Collection.sample#

classmethod Collection.sample(
num_rows: int | None = None,
*,
overrides: Sequence[Mapping[str, Any]] | None = None,
generator: Generator | None = None,
) Self[source]#

Create a random sample from the members of this collection.

Just like sampling for schemas, this method should only be used for testing. Contrary to sampling for schemas, the core difficulty when sampling related values data frames is that they must share primary keys and individual members may have a different number of rows. For this reason, overrides passed to this function must be “row-oriented” (or “sample-oriented”).

Parameters:
  • num_rows – The number of rows to sample for each member. If this is set to None, the number of rows is inferred from the length of the overrides.

  • overrides

    The overrides to set values in member schemas. The overrides must be provided as a list of samples.
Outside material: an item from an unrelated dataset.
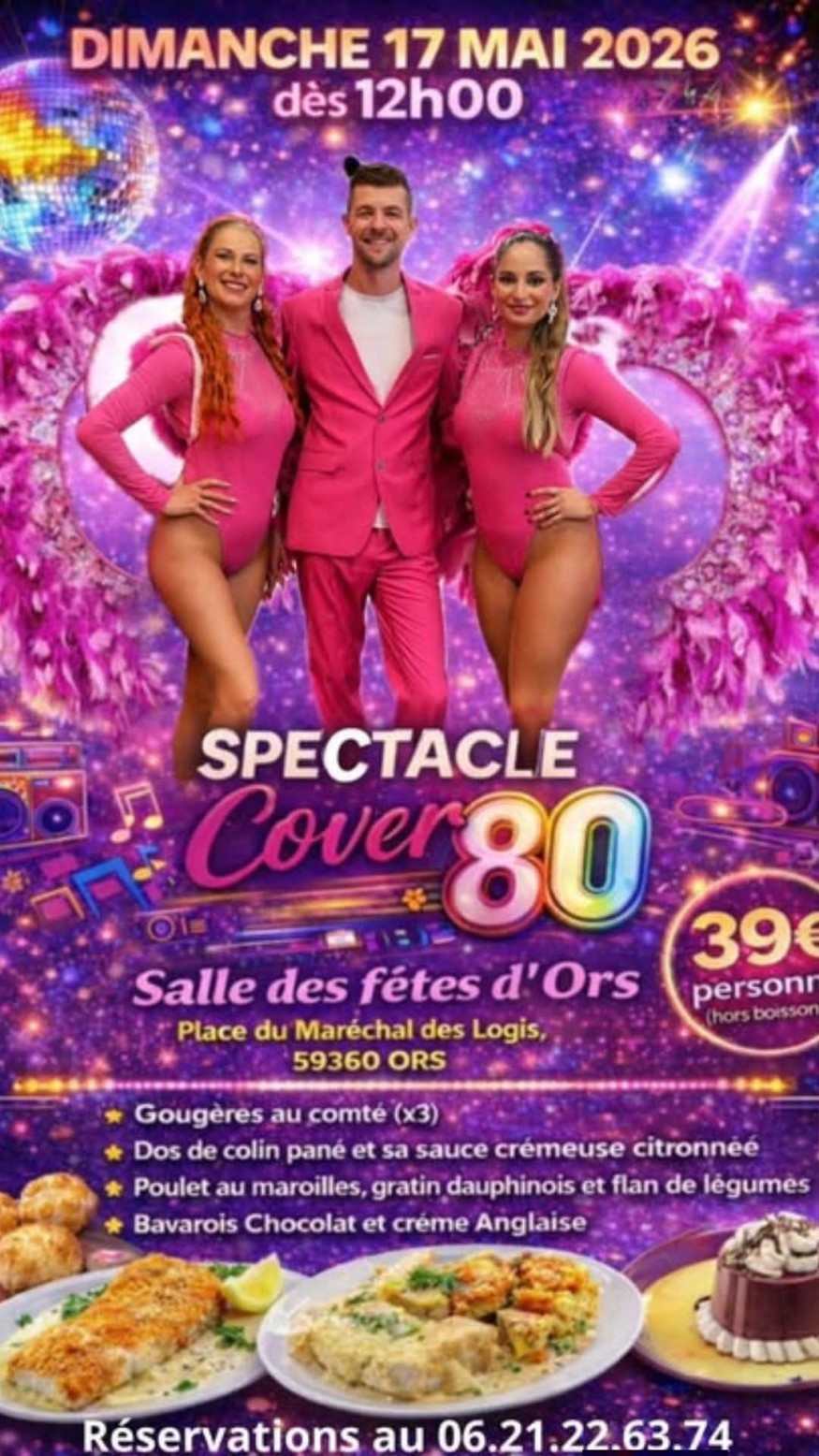 En bref : Quoi : Spectacle "Cover 80" avec repas. Quand : Dimanche 17 mai 2026, à partir de 12h00. Où : Salle des fêtes, 59360 ORS. Réservations : 06.21.22.63.74.
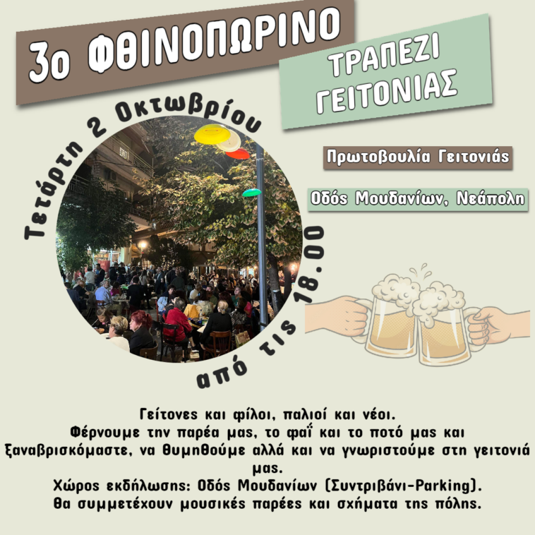3ο Φθινοπωρινό τραπέζι γειτονιάς στην οδό Μουδανίων στη Νεάπολη

The structure of the samples must be as follows:

    {
        "<primary_key_1>": <value>,
        "<primary_key_2>": <value>,
        "<member_with_common_primary_key>": {
            "<column_1>": <value>,
            ...
        },
        "<member_with_superkey_of_primary_key>": [
            {
                "<column_1>": <value>,
                ...
            }
        ],
        ...
    }
    

    Any member/value can be left out and will be sampled automatically. Note that overrides for columns of members that are annotated with inline_for_sampling=True can be supplied on the top-level instead of in a nested dictionary.

  • generator – The (seeded) generator to use for sampling data. If None, a generator with random seed is automatically created.

Returns:

A collection where all members (including optional ones) have been sampled according to the input parameters.

Attention

In case the collection has members with a common primary key, the _preprocess_sample() method must return distinct primary key values for each sample. The default implementation does this on a best-effort basis but may cause primary key violations. Hence, it is recommended to override this method and ensure that all primary key columns are set.

Raises:
  • ValueError – If the _preprocess_sample() method does not return all common primary key columns for all samples.

  • ValidationError – If the sampled members violate any of the collection filters. If the collection does not have filters, this error is never raised. To prevent validation errors, overwrite the _preprocess_sample() method appropriately.